It wasn’t just the raunchiness or the shock value. This is the VMA’s, after all, where Madonna kicked things off 30 years ago by dry humping the stage in a punk wedding dress; where Britney sang “I’m a Slave 4 u” while dancing in a green version of Cyrus’s flesh-toned 2-piece, with a live python draped around her body, and later where Madonna and Britney and Christina all made out, and then after that, where Lady Gaga hanged herself. The controversial VMA performance is now pretty much a traditional rite of passage in the transition from Disney child star into adult entertainer.

Wait… what?

Anyway, we expect this. We’re  practically inured to it at this point. But this show, Cyrus’s show, got under our skin. And not in, like, a good way.

“It seems everyone hated whatever it was Miley Cyrus was doing at last night’s VMAs,” Neetzan Zimmerman wrote on Gawker.
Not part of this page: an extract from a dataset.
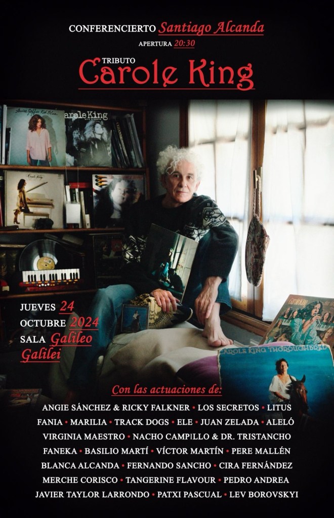 Ya hemos disfrutado de otros muchos Conferenciertos dirigidos y presentados por Santiago Alcanda de artistas como FleetwoodMac, Elton John, Eagles etc.. Un Tributo que lleva a cabo con prestigiosos músicos españoles donde dan vida de nuevo a las canciones más significativas, todo ello aderezado con suculentas explicaciones que hace Santiago Alcanda por el recorrido discográfico y biográfico amenizado con videos y diapositivas. El día 24 de octubre le toca el turno a Carole King.

Whatever it was she was doing…. we couldn’t even be sure. The next morning we woke up in turns “stunned,” “shocked,” “outraged,” outraged by the outrage. From the moment Cyrus first stuck out her tongue, things felt weird. We’re so used to performers adhering to a strict code of conduct of media training — gliding through precise sequences of polished, camera-ready choreography. You want this to wind up being the image that follows you around the internet tomorrow, we thought to ourselves watching Cyrus gag.

Little did we know.

Then the performance began in earnest, Cyrus singing and dancing to her summer jam, “We Can’t Stop,” and we tried to relax. But 90 seconds in, as Jody Rosen writes on the Vulture blog, “pausing to spank and simulate analingus upon the ass of a thickly set African-American backup dancer, her act tipped over into what we may as well just call racism: a minstrel show routine whose ghoulishness was heightened by Cyrus’s madcap charisma.”

Awkward.

And that was all before Robin Thicke got onstage and Cyrus snapped out of her teddy-bear teddy, down to a nude, vinyl bikini, to duet Thicke’s own controversial summer hit, “Blurred Lines,” and the REALLY uncomfortable shit happened. The most disconcerting thing about their performance was Thicke’s consistent lack of….. engagement. While Cyrus twerked all over his body, Thicke seemed barely aware she was there. The New York Times described Cyrus’s behavior as a “molesting” of Robin Thicke. Behind his shades you couldn’t be sure whether he was even making eye contact. Of course, what Thicke was doing was reenacting the Blurred Lines video. Directed by Diane Martel, who’s also responsible for the video for We Can’t Stop, the video features basically completely naked women dancing next to, strutting past, facing away from, and engaging in a host of other activities that in general involve pretty much anything except actually acknowledging the presence of Robin Thicke. Or of T.I. or Pharrell Williams. The non-interactions between the fully-dressed men in the video and naked women seem so unaligned and asynchronous and non-sequitured they might as well be SnapChatting them in. “I directed the girls to look into the camera,” Martel explained on Grantland. “This is very intentional and they do it most of the time; they are in the power position. I wanted to deal with the misogynist, funny lyrics in a way where the girls were going to overpower the men. Look at Emily Ratajkowski’s performance; it’s very, very funny and subtly ridiculing. I find [the video] meta and playful.”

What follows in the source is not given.